Отец аж подавился – в тылу измена! – стукал кулаком, головой мотал:

– Ты меня знаешь, Маня! Это тебе не охота моя! Это тебе…

– Да ладно уж, Ваня! – Жена прильнула на миг к плечу мужа. – Сказала ведь: не пойду больше…

– И деньги, и деньги чтоб отдала! И деньги! – не унимался отец. Он схватился крутить самокрутку, но руки тряслись, махорка просыпалась на клеёнку. Глядя на него, все молчали, но отец не замечал своих прыгающих рук и, блуждая взглядом, говорил: – Парнишку совсем забили, паразиты…

– Неужели бьют? – испуганно спросил дядя Гоша.
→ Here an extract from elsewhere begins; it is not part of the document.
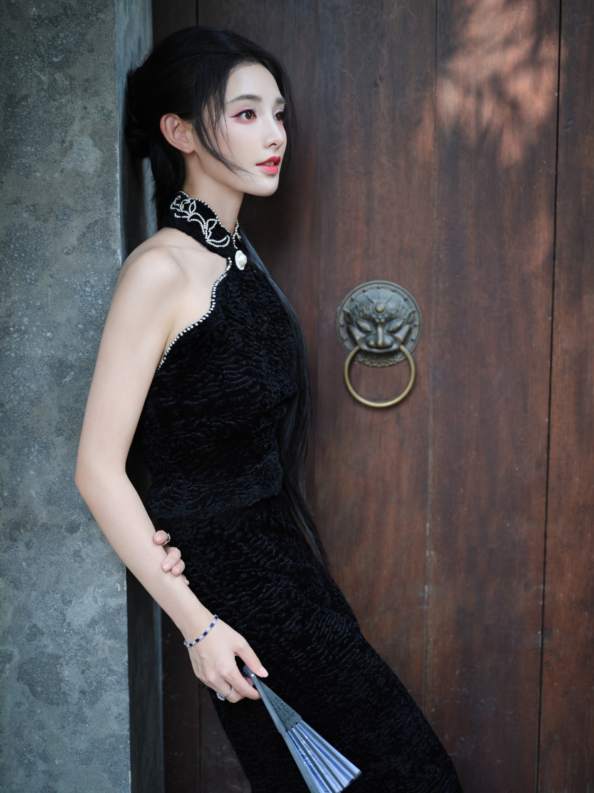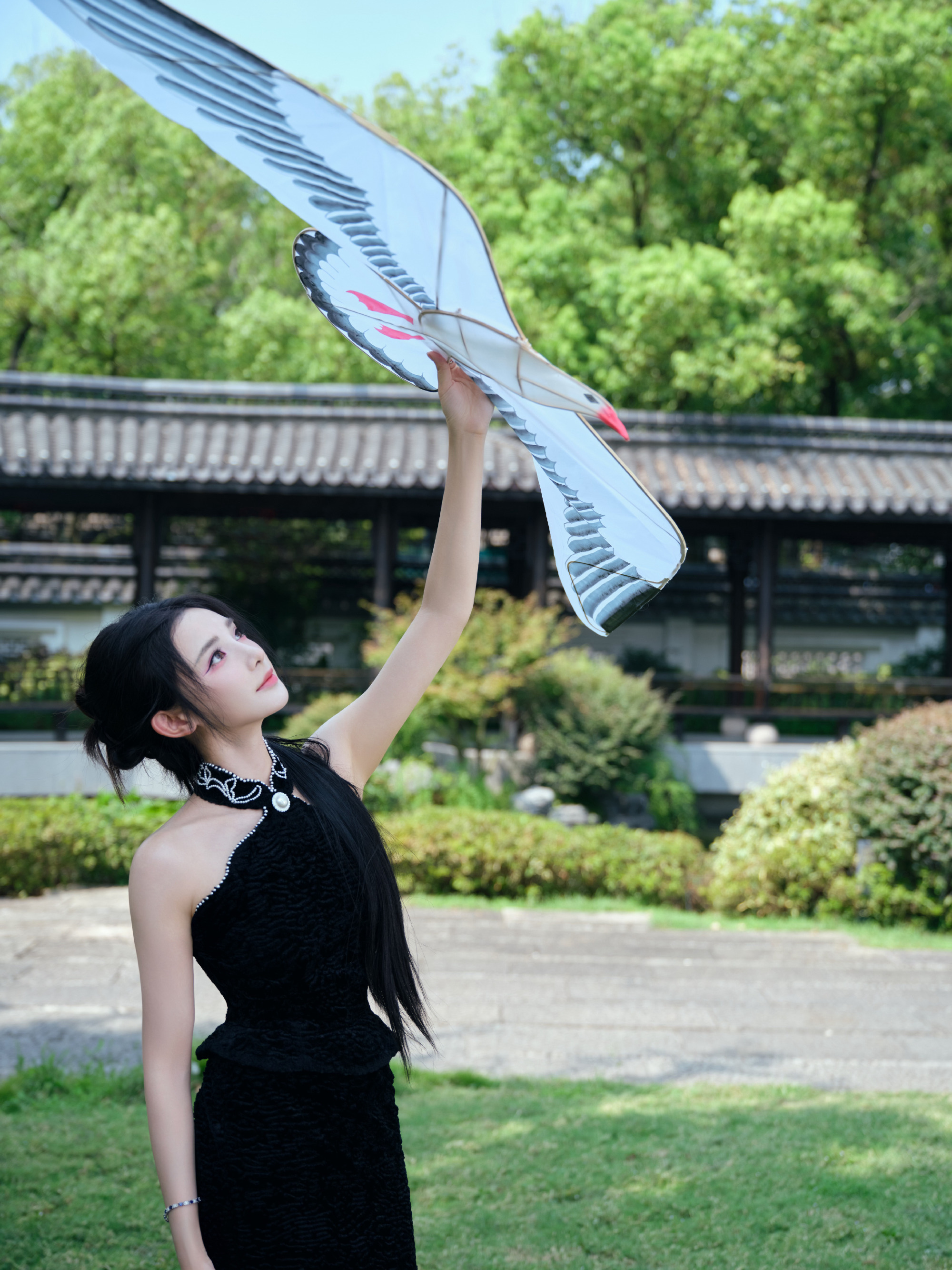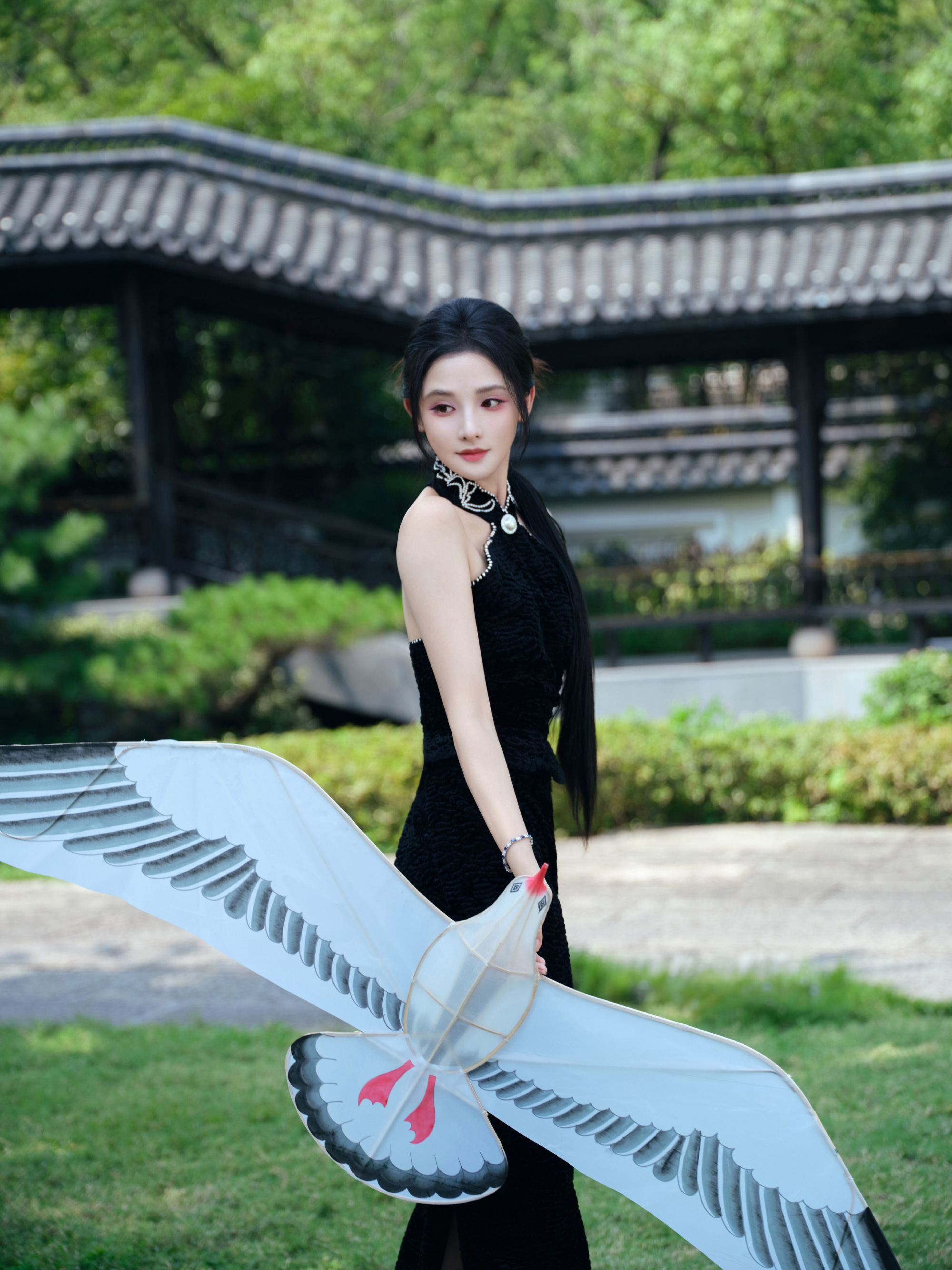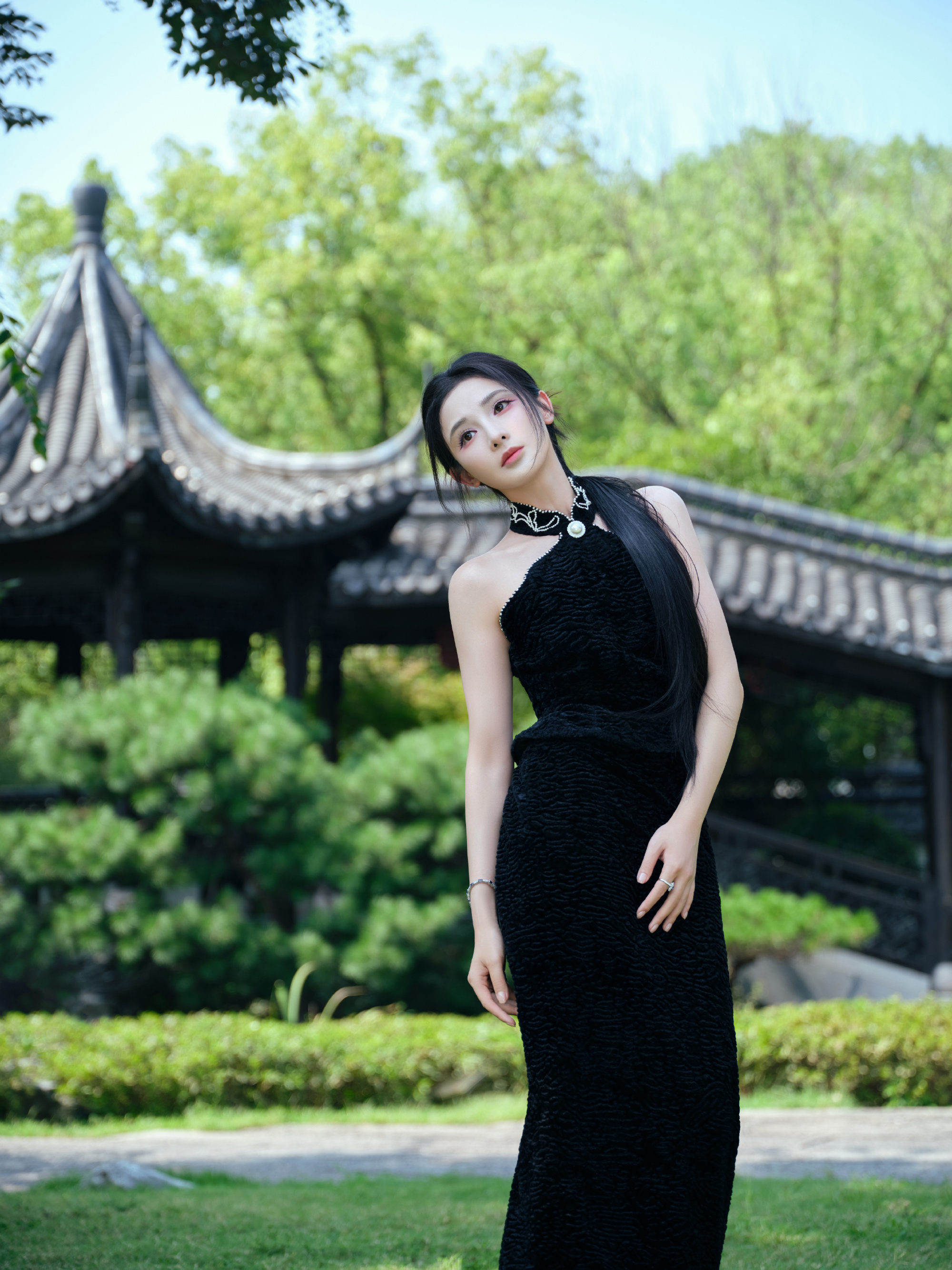 彭小苒秋日大片,明艳黑色长裙,满园绿意秋波扇动,湖光潋滟,悦目佳人

– Эх, Гоша, да разве ж только кулаками можно бить человека? Ведь он, скотина, продыху Юре не даёт! «Куда пошёл? Откуда идёшь? Немедленно домой! Ну-ка дыхни!» (Это он на табак.) И всё это на глазах ребят, его товарищей. Разве это воспитание?.. Попробовал бы вон Пашку моего так ломать – он бы показал ему кузькину мать! «Я кому сказал?! Ты забыл мой приказ?!» Ну мальчишки и подхватили: Приказ да Приказ… Так и стал Юра Приказом. Пашка вон всё…

– Да чего я-то сразу? – возмутился Пашка. – Ляма это прозвал…

Отец махнул рукой. Взглянул на дядю Гошу. Но тот уже не слышал никого вокруг – сидел грустный, потухший, полностью ушёл в свое, горестное, больное, неразрешимое. И отец, всей душой сочувствуя другу в его несчастье, уже подосадовал на себя, что заговорил о Юре, о его папаше преподобном и вообще о воспитании детей.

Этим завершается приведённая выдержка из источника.